Паулинка умерла среди чужих. Нет у нее тут никого, только они, Менкины, знают ее, да Лычкова, добрый человек. И надо бы — у него с души камень свалится, — чтоб ее достойно проводили и уложили в землю. Но если провожать Паулинку они пойдут только втроем, он боится, очень грустно будет всем. Никогда не выгорит в душе его кривда, нанесенная Паулинке. Хоть после смерти-то, чтоб не была она одна… Лычкова же, добрый человек, сама здешняя, так пусть позовет, кого знает, на похороны.

Лычкова обещала, что Паулинка уйдет не в одиночестве. Они еще увидят!

После этого посидели за столиком, потолковали о том о сем, как положено гостям. Томаш за разговором все теребил бахрому скатерти, потом провел пальцем по рамке настольной фотографии, на которую сперва не обратил внимания; машинально придвинул к себе этот свадебный снимок. И вдруг даже выпрямился — будто что-то озарило его. Невеста в белой фате, с букетом белых гладиолусов была очень красива, но и только. Как все невесты на таких снимках, она прильнула щекой к щеке жениха. Зато лицо молодого человека… такое мужественное, худощавое, тонкое лицо интеллигента, будто взрывалось непосредственной, самозабвенной улыбкой. Долго рассматривал его Томаш, не умея понять, — то ли он уже где-то видел это лицо, то ли просто оно ему нравится выразительностью черт.

Томаш поднял глаза от свадебной фотографии, отставил ее и встретил взгляд материнских глаз. В них сияла гордость. По этому взгляду он понял, что для Лычковой сын ее — солнечная радость. В жизни ее он занимает самое значительное место, в ее бедном и строгом жилье — самое почетное.

Когда Менкины уходили, Лычкова пригласила их зайти еще как-нибудь. Томаш завоевал ее симпатию. Она вспомнила, что уже слыхала о Менкинах.
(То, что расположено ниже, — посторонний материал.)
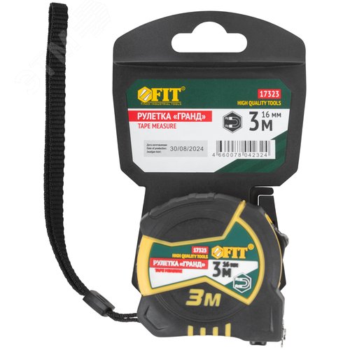 Рулетка ""Гранд"", калибр.лента, нейлон.покр., магн.крючок, двойной стопор, прорезин.корпус 3 м х 16 мм
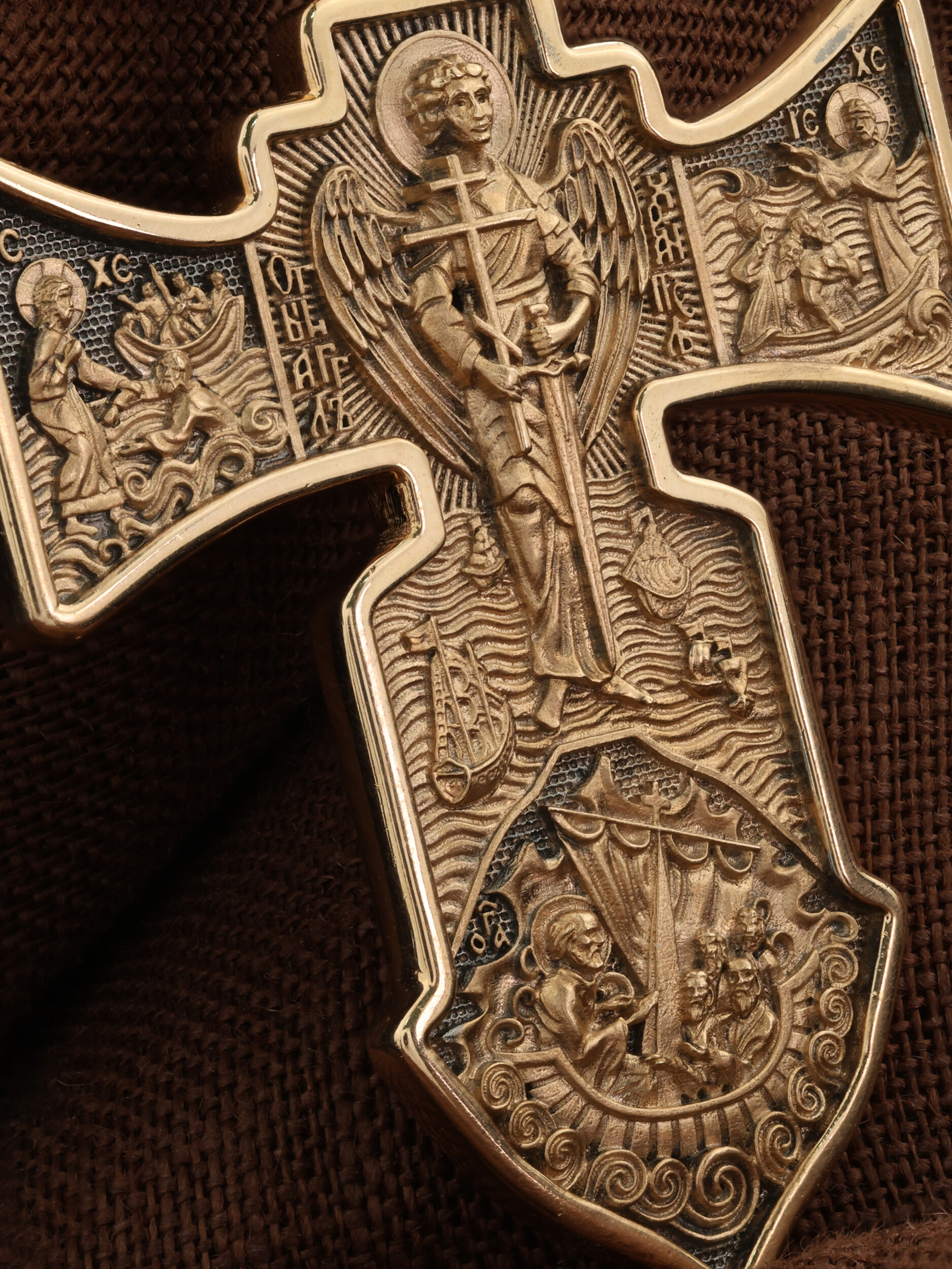 Оборот Морского креста весь посвящен охранению и спасению путешествующих по морю. В центре — могучая фигура Ангела Хранителя с крестом и мечом. Он стоит на волнах. Это образ Ангела Хранителя, стража душ человеческих как на море, так и в буре житейских страстей и искушений.
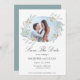 Nossa coleção botânica suave apresenta folhagens em tons de verde claro, azul-turquesa e dourado em aquarela suave, combinadas com molduras douradas e fundo azul-turquesa para uma coleção de casamento perfeitamente elegante. Você pode encontrar itens correspondentes para sua experiência completa de casamento, mas também artesanatos, presentes e alguns itens pessoais. Acreditamos que você vai gostar ao máximo, pois é uma coleção para todas as estações. Este cartão de "save the date" apresenta sua própria foto em uma grinalda de folhagem azul com todas as informações em letra elegante para você personalizar.

И о молодом учителе тоже.

— Янко Лучана знаете? Озорник, но славный парнишка. Хвалил вас, он вас любит, — сказала Лычкова на прощанье. — Сами знаете, дети, они враз учуют, какого убеждения учитель.

5

Когда вышли от Лычковой, на дворе их ждал Янко Лучан. Подбежал к своему учителю, стал ластиться к нему ласковым щеночком.

— Пойдемте к нам, пан учитель! Мама вас уже ведь приглашала, а вы обещали и не пришли. Правда, пан учитель, пойдемте к нам!
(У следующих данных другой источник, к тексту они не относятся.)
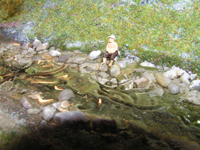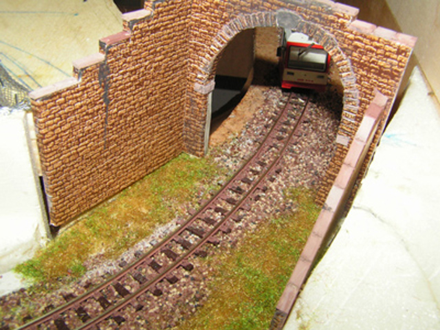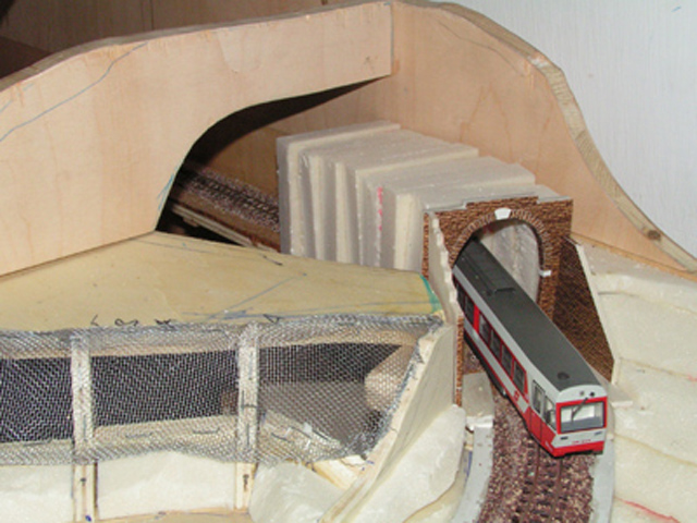fertig patiniert. Die Tunnelröhre aus Styrodurelementen wurde mit
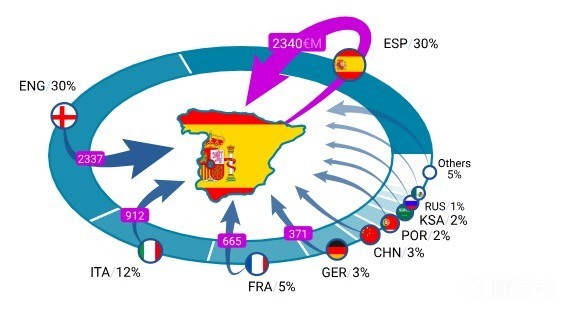当谈到球员转会时,西班牙球队的两个主要选择是国内市场和英国俱乐部。国内转账(23.4亿欧元)或向英格兰转账(同样为23.4亿英镑)产生的收入占过去十年收到金额的60%。意大利是第二大国际资金提供者(9.12亿欧元,占总额的12%),其次是法国(6.65亿欧元,5%)。
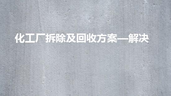 化工厂的拆除和回收方案是旧工业基地环境风险问题的解决方案,该方案涉及到多个方面。本文将从不同的角度来探讨化工厂拆除及回收方案,包括规划管理、拆除技术、危废处理、设备回收和土壤修复等方面。同时,本文将介绍巴洛仕集团的一站式解决方案和化工不动火拆除技术。
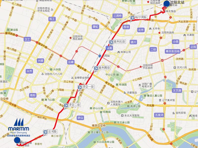 路线3 | 在沈阳北站打车到玛丽蒂姆酒店,全程14公里,约35元。 |

Янко Лучан был мальчик с характером честным, открытым, но большой озорник. В школе был непоседлив, невнимателен, и успехов достигал весьма посредственных. Симпатию нового учителя он завоевал с первой же минуты. И Менкина, как бы в благодарность отдав мальчику всю свою симпатию, старался сделать из него хорошего ученика. Надежда эта сбывалась будто чудом. Янко только и нужна была такая учительская благосклонность. Сначала заметно улучшились его успехи по менкиновскому предмету, а там и по остальным. Янко Лучан помог молодому, неопытному учителю прийти к важному открытию: глубокая человеческая симпатия учителя воздействует на детей столь же благотворно, сколь солнечный свет на растение. На Янко первом убедился Томаш, что обладает способностью завоевывать учеников своей страстной заинтересованностью к подрастающему человеку. Вот почему так мил был ему Янко. С первой минуты установилось меж ними скрытое, но чудесное, сладостное чувство интимного доверия.

Томаш Менкина простился с дядей и пошел за мальчиком.

Янко Лучан тихонько поскребся в дверь своей квартиры; и едва он до нее дотронулся, как дверь отворилась будто сама собой: какая-то девочка ждала за дверью условного знака. Менкина догадался, что Янко готовит ему сюрприз, который почитает ужасно важным.

Они очутились в темной маленькой прихожей; Янко рванулся вперед и одним рывком распахнул дверь в комнату.

В комнате за столиком сидели двое мужчин, поглощенные своим занятием. Они вскинулись от неожиданности, слышно было, как захлопнулась книга. Янко Лучан торжествующе провозгласил:

— Наш учитель пришел, наш учитель пришел!

Он устремил свой сияющий взгляд на одного из мужчин — явно не на отца, тот был старше, коренастее — и напряженно ждал, что будет, когда его учитель ступит в комнату.

Менкина сразу сообразил, что явился не вовремя. Мужчина помоложе, с очень выразительным и смутно знакомым лицом, нехотя подал руку, неразборчиво буркнул фамилию — вроде «Гучко» — и вышел.

Янко даже сморщился, съежился, так сильно был он разочарован тем, что сюрприз его не удался. Все лицо его было сплошное разочарование. Менкина и не очень обратил бы внимание на то, что кто-то вышел из комнаты, если б не разочарованная рожица Янко. Только по этому разочарованию и понял Томаш, до чего Янко хотелось, чтоб учитель встретился с человеком, которым мальчуган восхищался. Томаш понял, что Янко хотел похвалиться этим человеком и одновременно как бы наградить учителя знакомством с ним. Так что только благодаря своему ученику все возвращался Менкина к человеку, увиденному бегло, и все думал, кто бы это мог быть.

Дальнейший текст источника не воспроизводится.